Stress varies significantly by income

Although employed adults were equally likely to report work as a source of stress in both 2019 and 2020 (64%), the share of employed adults who reported that job stability was a source of stress was 6 percent higher in 2020 (56%). Nearly 2 in 3 adults (64%) said that money was a significant source of stress in their life and just over half of adults (52%) indicated they have experienced negative financial impacts due to the pandemic.

Among adults who were employed at some point during the pandemic, 68 percent reported their job or employment had been negatively impacted by the pandemic. The most commonly reported impacts were reductions in hours (19%), balancing household responsibilities during work time (14%), being laid off (14%), or experiencing decreased productivity (14%). Adults who were employed during the pandemic with a household income less than $50,000 were almost twice as likely to experience a layoff than those with a household income greater than $50,000 (21% vs. 11%).

Additionally, 73 percent of low-income adults reported that money was a significant source of stress, compared to just 5 percent for those in higher income brackets. When looking at households that are at or below the federal poverty level, this disparity widens (79% vs. 57% of those above the poverty level). Further, nearly 3 in 5 adults with a household income less than $50,000 cited housing costs (e.g., mortgage or rent) as a significant source of stress in their life (58%), compared to 44 percent of those with higher incomes. 

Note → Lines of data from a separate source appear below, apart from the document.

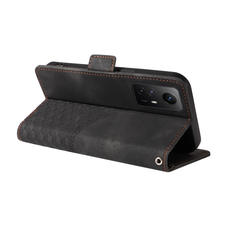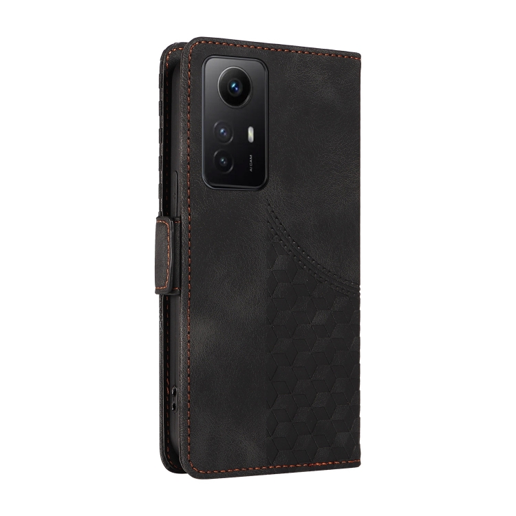 Para Redmi Note 12S 4G Funda de Teléfono de Cuero Estrellado con Rombo En Relieve Global (Negro)
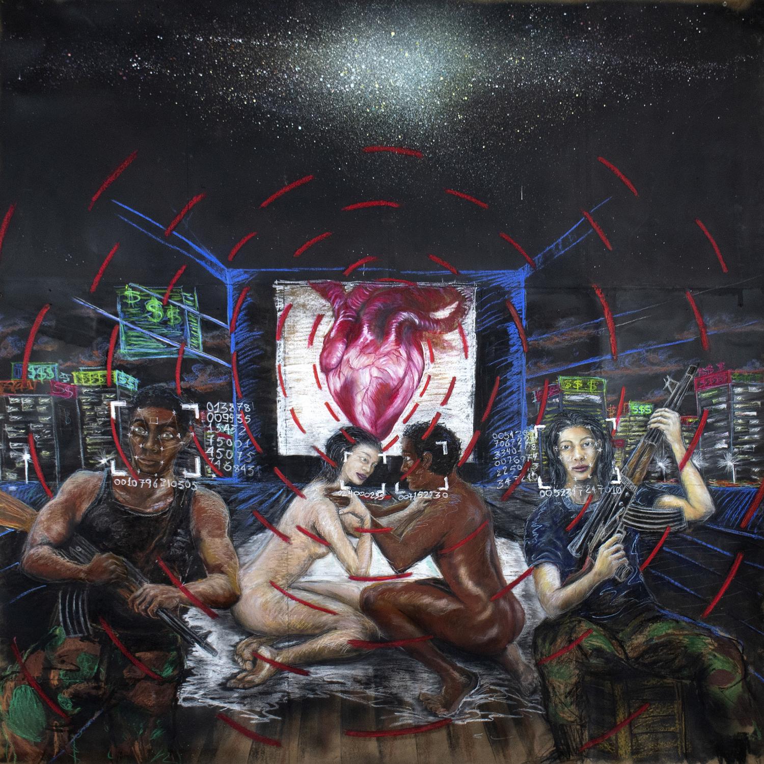 2021 HEARTBEAT Oil pastel on Kraftpaper 300x300cm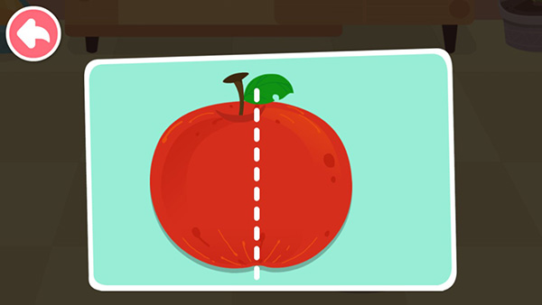 7、带好发卡之后妹妹就可以起床一起玩耍啦!首先开始和妹妹一起分享苹果和饼干,让宝宝将苹果和饼干沿虚线对半分,然后就和妹妹一起吃掉啦!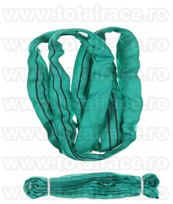 Chinga textila de ridicare circulara capacitate 2 tone lungime utila 1 metru, lungime desfasurata 2 metri,culoare verde, productie UTX Olanda.Total Race Romania livreaza chingile/sufele circulare insotite de Declaratie de Conformitate, tabel de sarcini si instructiuni de utilizare.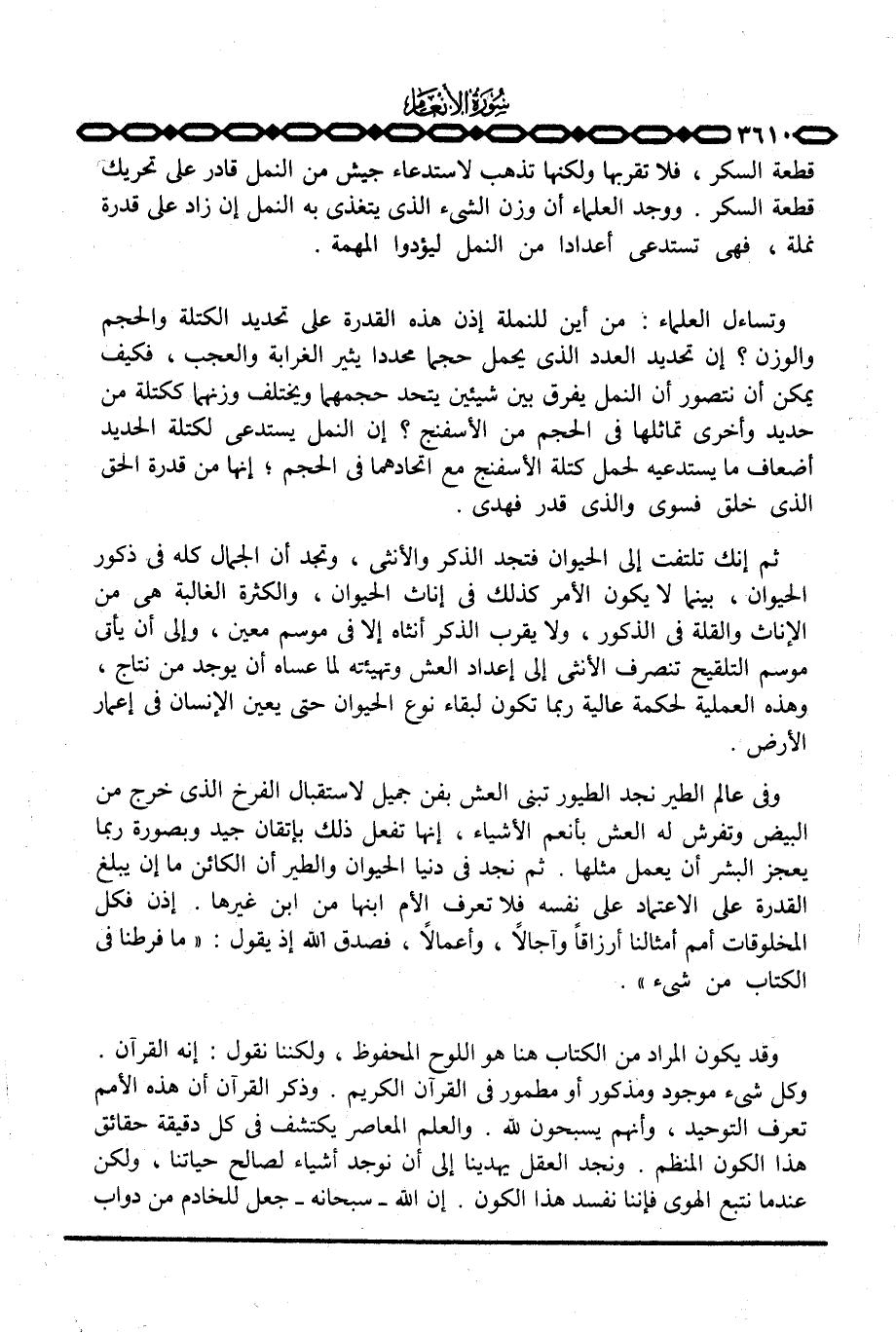 وقد يكون المراد من الكتاب هنا هو اللوح المحفوظ، ولكننا نقول: إنه القرآن، وكل شيء موجود ومذكور أو مطمور في القرآن الكريم. وذكر القرآن أن هذه الأمم تعرف التوحيد، وأنهم يسبحون لله. والعمل المعاصر يكتشف في كل دقيقة حقائق هذا الكون المنظم. ونجد العقل يهدينا إلى أن نوجد أشياء لصالح حياتنا، ولكن عندما نتبع الهوى فإننا نفسد هذا الكون. إن الله - سبحانه - جعل للخادم من دواب

The following strategies can be utilized by employers to support the mental health and well-being of their employees:

  • Provide flexibility to employees, whether it’s what they work on, when they work or how they work (how they work is particularly important for employers of frontline workers). Every single person has been impacted by the pandemic; providing flexibility at work will allow people to do their jobs while still being able to handle new stressors and responsibilities in their lives, such as a child’s education.
  • Provide support. This can be emotional support through one-on-one check-ins or by reducing someone’s workload to just essential tasks. This also applies to co-workers, who can support each other by checking in and approaching each other with empathy.
  • Provide clear communication to employees and supervisors about expectations, support resources and new policies that respond directly to impacts created by the pandemic. This reduces uncertainty at work, which is a major contributor to employee stress.
  • Supervisors should not expect work to continue at the same level as before. Creating this expectation can lead to employee burn-out. Instead, help employees prioritize what work is critical and what can wait.

Without progress to restore jobs and industries that were displaced due to the pandemic, widespread efforts to upskill and retrain the disparate share of low-skill adults who lost jobs in these industries, and improved accessibility and affordability of childcare to increase labor force participation and reduce the burden among working parents, it is likely the trajectory of these disparities will not improve.